April 13, 2011 10:08 P.M. (Updated: April 15, 2011 11:10 A.M.)
BRUSSELS (AFP) -- Caretaker prime minister Salam Fayyad said Wednesday that UN endorsement of his administration's readiness to govern amounted to "a birth certificate" for statehood.

Fayyad made the claim after the United Nations special coordinator for the Middle East peace process said in a report that the Palestinian Authority was "sufficient for a functioning government of a state."

He was speaking after a meeting of international donors, chaired in Brussels by Norwegian Foreign Minister Jonas Gahr Store, along with an Israeli government official, that backed the assessment by the UN, World Bank and International Monetary Fund.

Fayyad said the talks in Brussels amounted to "a landmark event" after participants "effectively recognized the reality of a state of Palestine."

He said it was "what amounts to effectively a birth certificate for the reality of Palestinian statehood."

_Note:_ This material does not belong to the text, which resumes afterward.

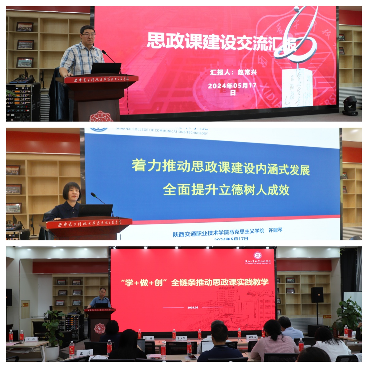 会议第五部分为经验交流环节,由刘建伟副院长主持。赵常兴副院长首先就红色西电思政课堂开展,坚持以学生为主体、鼓励课堂参与,注重教师培训、提升素养能力,探索五位一体、强化名师引领,创新三大思政课、彰显西电特色等方面进行思政课建设交流汇报。王辉院长以“‘学+做+创’全链条推动思政课实践教学”为题进行汇报交流,以“移动式”课堂扩展形式、“沉浸式”课堂创新渠道、“输出式”课堂凝练成果为实施路径,从教学理念、目的、方法以及教学环节上全面推动思政课改革与建设。许建琴院长以“着力推动思政课建设内涵式发展,全面提升立德树人成效”为题进行汇报交流,从党委重视、制度保障,建好关键课程双融双促、三段递进、建强师资队伍,构建“大思政课”格局、培育时代新人展开三个方面展开,促进党建和思政课建设的深度融合。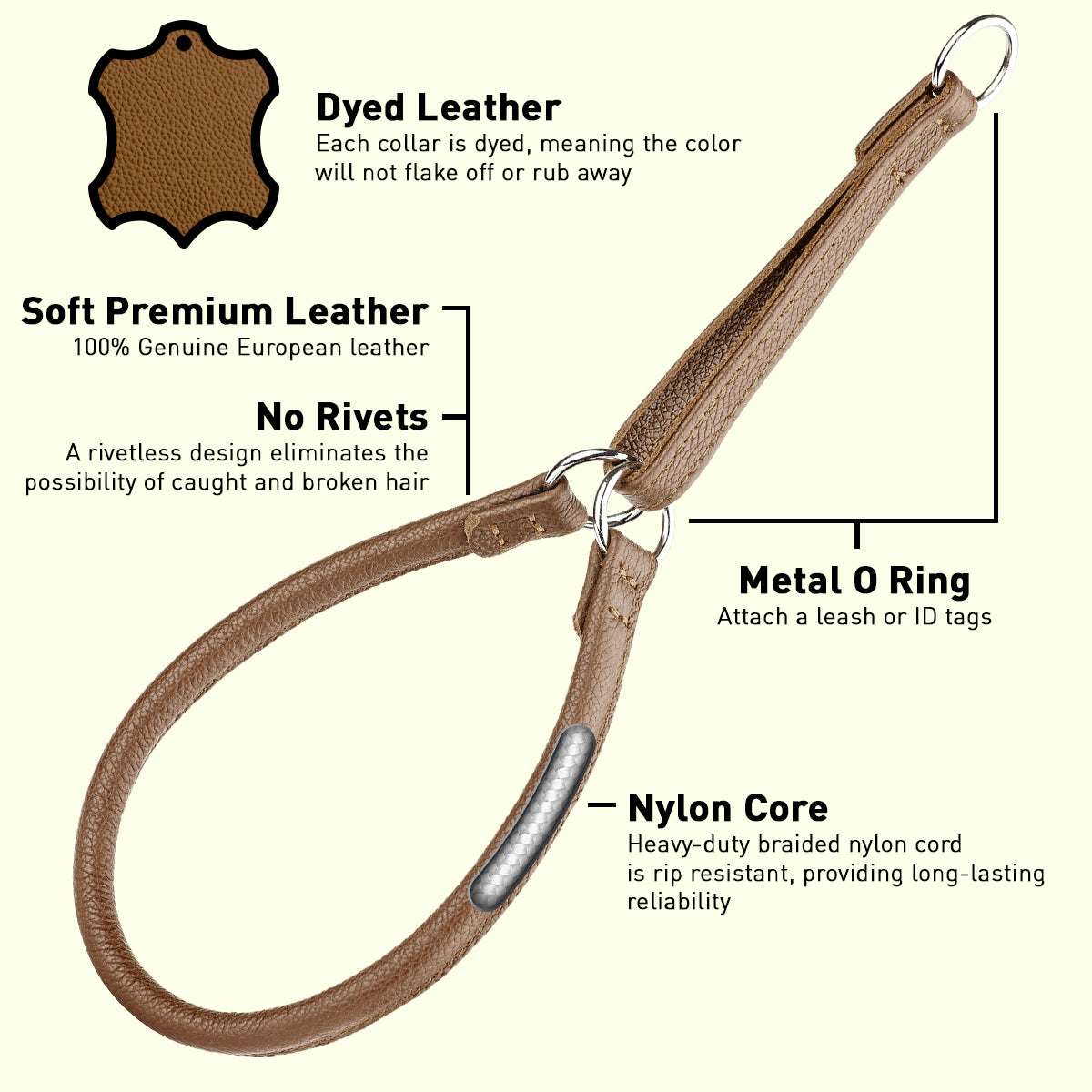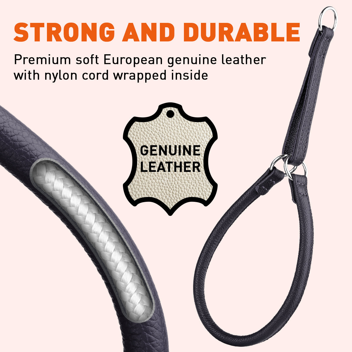 The soft Genuine Leather Martingale Collar is the next generation of super soft and durable collars that provide exceptional comfort and support for the dog and its owner. These fine 100% genuine cow leather Martingale collars bring together simplicity and elegance thanks to their elaborate workmanship.

Peace talks between Israel and the Palestinians have been on hold since late 2010 over Jewish settlement in the West Bank and East Jerusalem, and the United States appears at odds with Europe over the validity of moves to resume dialogue.

Speaking for the Middle East Quartet, envoy and former British prime minister Tony Blair said "credible political negotiations" were needed on a "very urgent" basis to "revive the political process."

The European Union also granted duty-free access to farming and fishing goods from the West Bank and the Gaza Strip at the talks, and participants also including Russia and the United States backed observer status for the PA at the World Trade Organization.

In the latest signs of growing European support for a Palestinian state, Brussels granted "immediate duty free access to the EU market" of half a billion consumers for the next 10 years.

The "only exception" to the duty-free goods access is a "specific duty for imports of fruit and vegetables" under what is known as an "entry price system," which prevents Palestinian exporters from radically undercutting domestic EU growers and rival exporters.

The Palestinian Authority is one of the EU's smallest trading partners worldwide, with imports worth just $8.8 million in 2009.

Irit Ben-Abba, an Israeli economic affairs ministry official, said progress on governance was mainly down to Israeli customs and treasury action, and said Palestinian exporters already benefitted from free-trade deals negotiated by Israel.